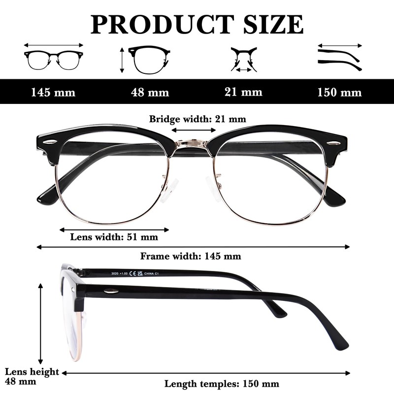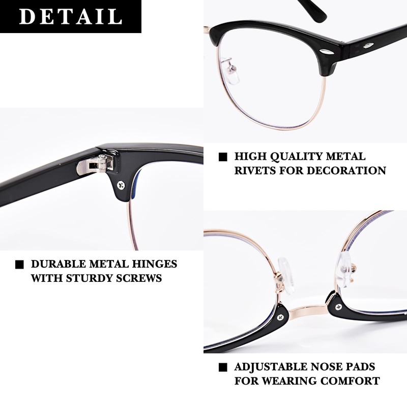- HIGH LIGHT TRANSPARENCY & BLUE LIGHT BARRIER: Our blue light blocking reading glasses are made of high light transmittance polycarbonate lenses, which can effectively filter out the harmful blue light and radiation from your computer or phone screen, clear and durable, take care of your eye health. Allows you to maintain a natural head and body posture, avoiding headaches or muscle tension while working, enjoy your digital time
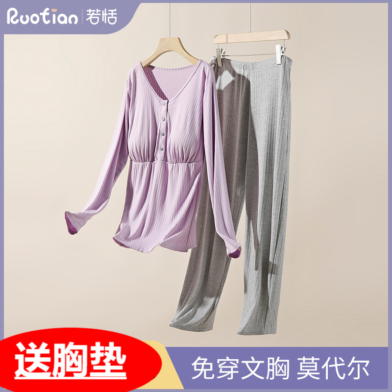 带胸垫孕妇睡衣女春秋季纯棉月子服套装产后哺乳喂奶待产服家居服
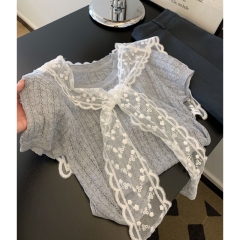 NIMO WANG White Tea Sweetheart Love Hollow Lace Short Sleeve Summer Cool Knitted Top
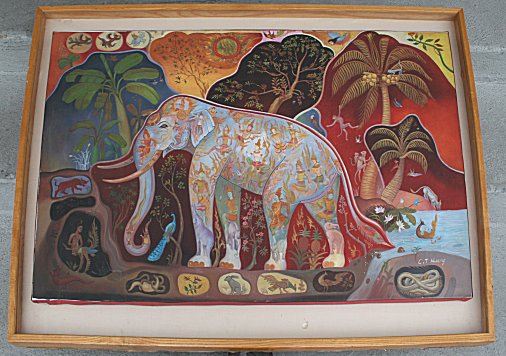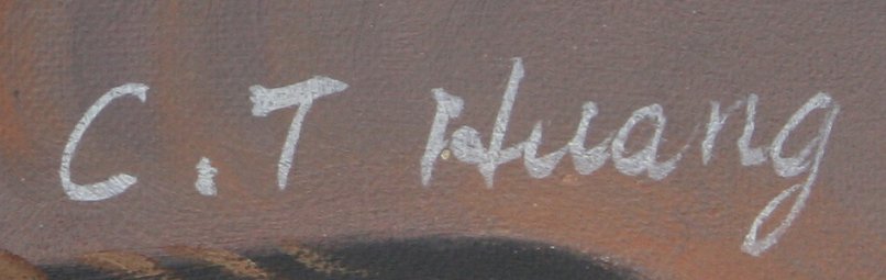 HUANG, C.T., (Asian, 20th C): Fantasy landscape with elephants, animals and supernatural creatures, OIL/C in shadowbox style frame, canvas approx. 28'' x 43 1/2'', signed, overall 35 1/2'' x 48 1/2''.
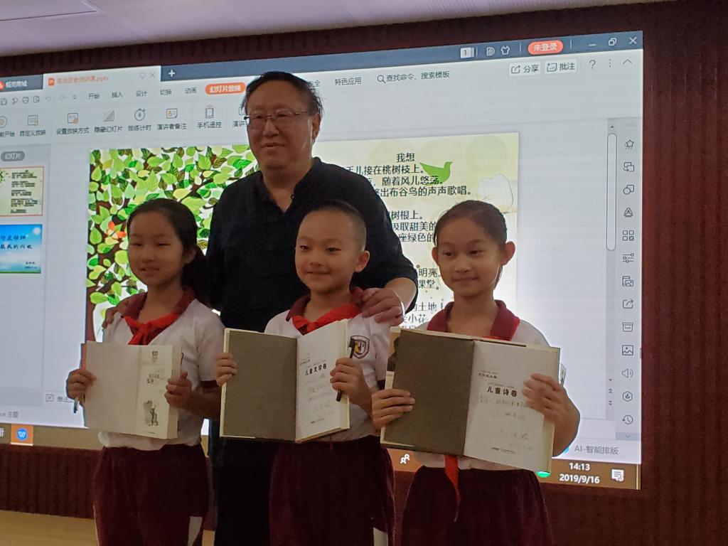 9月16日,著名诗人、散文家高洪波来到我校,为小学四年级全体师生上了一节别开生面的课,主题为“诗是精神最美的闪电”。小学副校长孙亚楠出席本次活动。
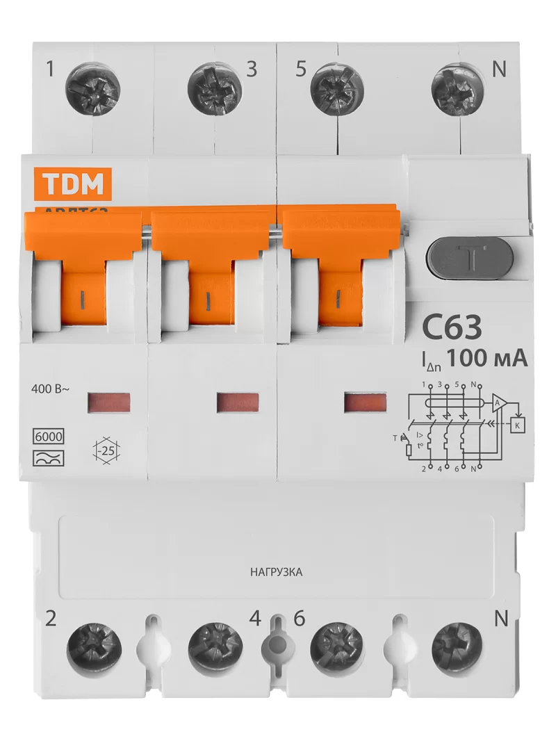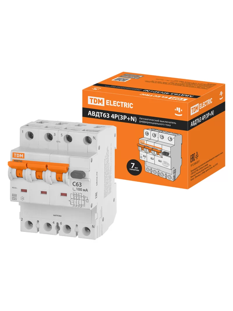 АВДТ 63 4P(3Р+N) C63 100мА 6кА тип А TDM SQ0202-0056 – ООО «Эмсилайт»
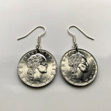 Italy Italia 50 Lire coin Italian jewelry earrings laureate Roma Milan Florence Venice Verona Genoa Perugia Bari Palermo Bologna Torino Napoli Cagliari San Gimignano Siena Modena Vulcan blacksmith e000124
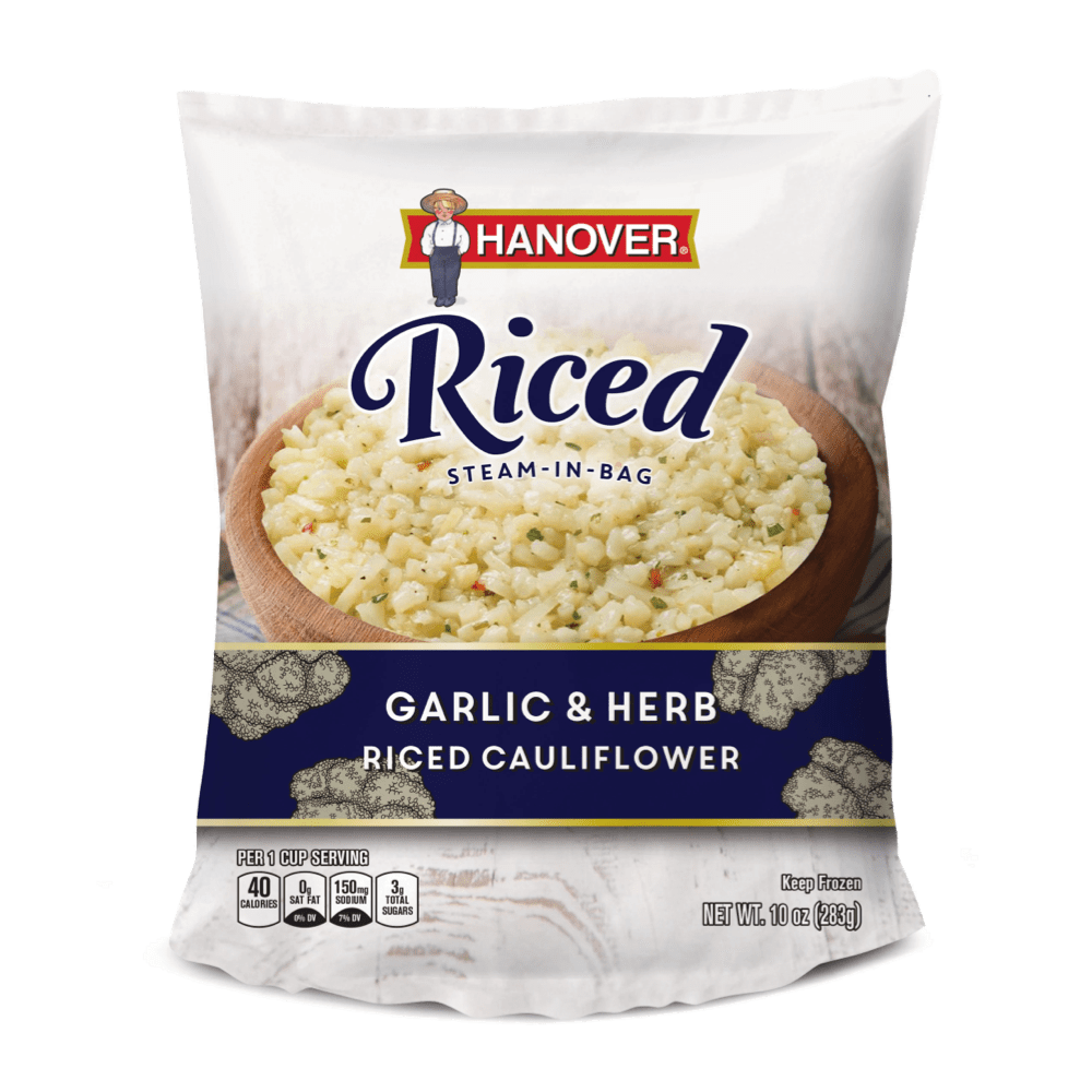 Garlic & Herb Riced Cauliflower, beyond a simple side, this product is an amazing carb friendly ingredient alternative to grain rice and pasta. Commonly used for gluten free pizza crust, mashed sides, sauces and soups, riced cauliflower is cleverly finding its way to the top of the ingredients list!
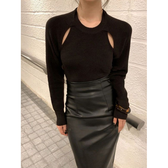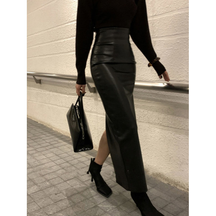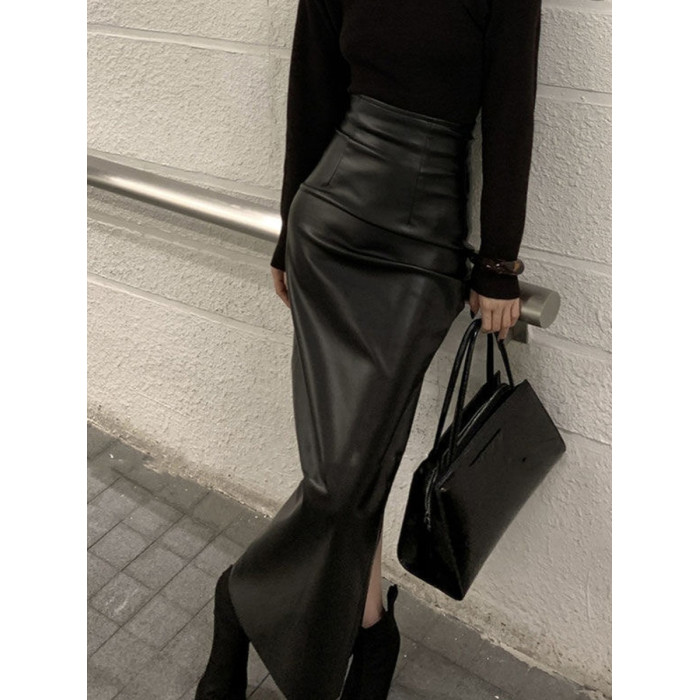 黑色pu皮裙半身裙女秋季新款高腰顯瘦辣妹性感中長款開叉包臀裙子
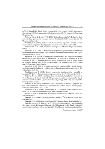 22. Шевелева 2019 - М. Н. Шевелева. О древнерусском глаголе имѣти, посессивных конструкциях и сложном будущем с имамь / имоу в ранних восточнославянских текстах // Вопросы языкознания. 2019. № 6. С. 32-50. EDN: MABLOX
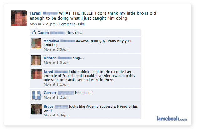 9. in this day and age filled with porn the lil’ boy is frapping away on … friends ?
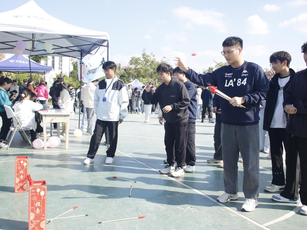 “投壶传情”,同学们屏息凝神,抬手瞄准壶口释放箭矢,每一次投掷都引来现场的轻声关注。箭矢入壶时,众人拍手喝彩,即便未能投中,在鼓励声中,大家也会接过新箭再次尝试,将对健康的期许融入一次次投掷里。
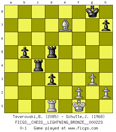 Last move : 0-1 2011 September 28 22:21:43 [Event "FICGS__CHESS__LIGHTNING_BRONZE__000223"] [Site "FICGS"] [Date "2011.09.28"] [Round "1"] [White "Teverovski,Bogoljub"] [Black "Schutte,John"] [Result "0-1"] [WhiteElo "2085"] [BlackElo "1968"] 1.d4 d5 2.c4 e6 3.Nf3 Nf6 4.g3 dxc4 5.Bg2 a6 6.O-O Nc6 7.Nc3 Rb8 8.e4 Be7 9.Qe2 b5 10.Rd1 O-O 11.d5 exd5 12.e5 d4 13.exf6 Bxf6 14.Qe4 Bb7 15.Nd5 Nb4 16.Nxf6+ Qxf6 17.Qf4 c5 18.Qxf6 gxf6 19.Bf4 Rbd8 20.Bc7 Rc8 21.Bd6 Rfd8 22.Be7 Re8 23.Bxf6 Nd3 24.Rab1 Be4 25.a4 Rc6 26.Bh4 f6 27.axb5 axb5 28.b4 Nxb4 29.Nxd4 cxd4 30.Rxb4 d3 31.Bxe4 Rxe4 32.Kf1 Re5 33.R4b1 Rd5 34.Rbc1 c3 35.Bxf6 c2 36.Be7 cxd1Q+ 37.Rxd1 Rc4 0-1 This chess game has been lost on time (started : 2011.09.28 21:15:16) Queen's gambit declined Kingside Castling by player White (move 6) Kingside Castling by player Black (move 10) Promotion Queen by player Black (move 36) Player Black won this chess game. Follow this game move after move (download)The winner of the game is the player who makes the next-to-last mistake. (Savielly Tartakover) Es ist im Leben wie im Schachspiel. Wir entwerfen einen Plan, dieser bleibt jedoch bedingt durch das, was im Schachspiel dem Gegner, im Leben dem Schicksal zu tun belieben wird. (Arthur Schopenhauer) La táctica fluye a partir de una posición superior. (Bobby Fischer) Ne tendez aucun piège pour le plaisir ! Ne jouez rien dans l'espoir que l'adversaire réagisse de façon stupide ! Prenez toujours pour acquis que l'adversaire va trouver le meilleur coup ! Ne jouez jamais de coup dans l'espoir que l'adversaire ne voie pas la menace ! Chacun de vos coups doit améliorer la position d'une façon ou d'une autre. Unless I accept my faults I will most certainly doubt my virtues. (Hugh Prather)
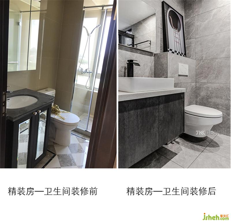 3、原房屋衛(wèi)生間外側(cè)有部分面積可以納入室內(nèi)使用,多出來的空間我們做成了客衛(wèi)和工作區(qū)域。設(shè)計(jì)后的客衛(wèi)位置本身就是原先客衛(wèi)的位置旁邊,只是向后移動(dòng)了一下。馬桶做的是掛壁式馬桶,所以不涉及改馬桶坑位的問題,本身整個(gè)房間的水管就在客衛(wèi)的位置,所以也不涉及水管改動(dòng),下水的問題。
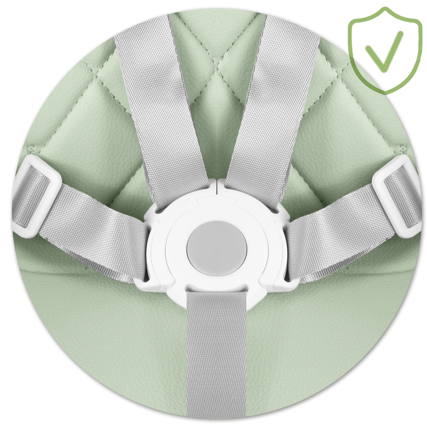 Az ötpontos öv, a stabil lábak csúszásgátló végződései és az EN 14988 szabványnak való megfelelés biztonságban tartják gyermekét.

◆ About this exercise ◆
All of the lines above should be copied exactly, apart from the pictures.

◆ Answer space ◆
- HIGH LIGHT TRANSPARENCY & BLUE LIGHT BARRIER: Our blue light blocking reading glasses are made of high light transmittance polycarbonate lenses, which can effectively filter out the harmful blue light and radiation from your computer or phone screen, clear and durable, take care of your eye health. Allows you to maintain a natural head and body posture, avoiding headaches or muscle tension while working, enjoy your digital time
 带胸垫孕妇睡衣女春秋季纯棉月子服套装产后哺乳喂奶待产服家居服
 NIMO WANG White Tea Sweetheart Love Hollow Lace Short Sleeve Summer Cool Knitted Top
 HUANG, C.T., (Asian, 20th C): Fantasy landscape with elephants, animals and supernatural creatures, OIL/C in shadowbox style frame, canvas approx. 28'' x 43 1/2'', signed, overall 35 1/2'' x 48 1/2''.
 9月16日,著名诗人、散文家高洪波来到我校,为小学四年级全体师生上了一节别开生面的课,主题为“诗是精神最美的闪电”。小学副校长孙亚楠出席本次活动。
 АВДТ 63 4P(3Р+N) C63 100мА 6кА тип А TDM SQ0202-0056 – ООО «Эмсилайт»
 Italy Italia 50 Lire coin Italian jewelry earrings laureate Roma Milan Florence Venice Verona Genoa Perugia Bari Palermo Bologna Torino Napoli Cagliari San Gimignano Siena Modena Vulcan blacksmith e000124
 Garlic & Herb Riced Cauliflower, beyond a simple side, this product is an amazing carb friendly ingredient alternative to grain rice and pasta. Commonly used for gluten free pizza crust, mashed sides, sauces and soups, riced cauliflower is cleverly finding its way to the top of the ingredients list!
 黑色pu皮裙半身裙女秋季新款高腰顯瘦辣妹性感中長款開叉包臀裙子
 22. Шевелева 2019 - М. Н. Шевелева. О древнерусском глаголе имѣти, посессивных конструкциях и сложном будущем с имамь / имоу в ранних восточнославянских текстах // Вопросы языкознания. 2019. № 6. С. 32-50. EDN: MABLOX
 9. in this day and age filled with porn the lil’ boy is frapping away on … friends ?
 “投壶传情”,同学们屏息凝神,抬手瞄准壶口释放箭矢,每一次投掷都引来现场的轻声关注。箭矢入壶时,众人拍手喝彩,即便未能投中,在鼓励声中,大家也会接过新箭再次尝试,将对健康的期许融入一次次投掷里。
 Last move : 0-1 2011 September 28 22:21:43 [Event "FICGS__CHESS__LIGHTNING_BRONZE__000223"] [Site "FICGS"] [Date "2011.09.28"] [Round "1"] [White "Teverovski,Bogoljub"] [Black "Schutte,John"] [Result "0-1"] [WhiteElo "2085"] [BlackElo "1968"] 1.d4 d5 2.c4 e6 3.Nf3 Nf6 4.g3 dxc4 5.Bg2 a6 6.O-O Nc6 7.Nc3 Rb8 8.e4 Be7 9.Qe2 b5 10.Rd1 O-O 11.d5 exd5 12.e5 d4 13.exf6 Bxf6 14.Qe4 Bb7 15.Nd5 Nb4 16.Nxf6+ Qxf6 17.Qf4 c5 18.Qxf6 gxf6 19.Bf4 Rbd8 20.Bc7 Rc8 21.Bd6 Rfd8 22.Be7 Re8 23.Bxf6 Nd3 24.Rab1 Be4 25.a4 Rc6 26.Bh4 f6 27.axb5 axb5 28.b4 Nxb4 29.Nxd4 cxd4 30.Rxb4 d3 31.Bxe4 Rxe4 32.Kf1 Re5 33.R4b1 Rd5 34.Rbc1 c3 35.Bxf6 c2 36.Be7 cxd1Q+ 37.Rxd1 Rc4 0-1 This chess game has been lost on time (started : 2011.09.28 21:15:16) Queen's gambit declined Kingside Castling by player White (move 6) Kingside Castling by player Black (move 10) Promotion Queen by player Black (move 36) Player Black won this chess game. Follow this game move after move (download)The winner of the game is the player who makes the next-to-last mistake. (Savielly Tartakover) Es ist im Leben wie im Schachspiel. Wir entwerfen einen Plan, dieser bleibt jedoch bedingt durch das, was im Schachspiel dem Gegner, im Leben dem Schicksal zu tun belieben wird. (Arthur Schopenhauer) La táctica fluye a partir de una posición superior. (Bobby Fischer) Ne tendez aucun piège pour le plaisir ! Ne jouez rien dans l'espoir que l'adversaire réagisse de façon stupide ! Prenez toujours pour acquis que l'adversaire va trouver le meilleur coup ! Ne jouez jamais de coup dans l'espoir que l'adversaire ne voie pas la menace ! Chacun de vos coups doit améliorer la position d'une façon ou d'une autre. Unless I accept my faults I will most certainly doubt my virtues. (Hugh Prather)
 3、原房屋衛(wèi)生間外側(cè)有部分面積可以納入室內(nèi)使用,多出來的空間我們做成了客衛(wèi)和工作區(qū)域。設(shè)計(jì)后的客衛(wèi)位置本身就是原先客衛(wèi)的位置旁邊,只是向后移動(dòng)了一下。馬桶做的是掛壁式馬桶,所以不涉及改馬桶坑位的問題,本身整個(gè)房間的水管就在客衛(wèi)的位置,所以也不涉及水管改動(dòng),下水的問題。
 Az ötpontos öv, a stabil lábak csúszásgátló végződései és az EN 14988 szabványnak való megfelelés biztonságban tartják gyermekét.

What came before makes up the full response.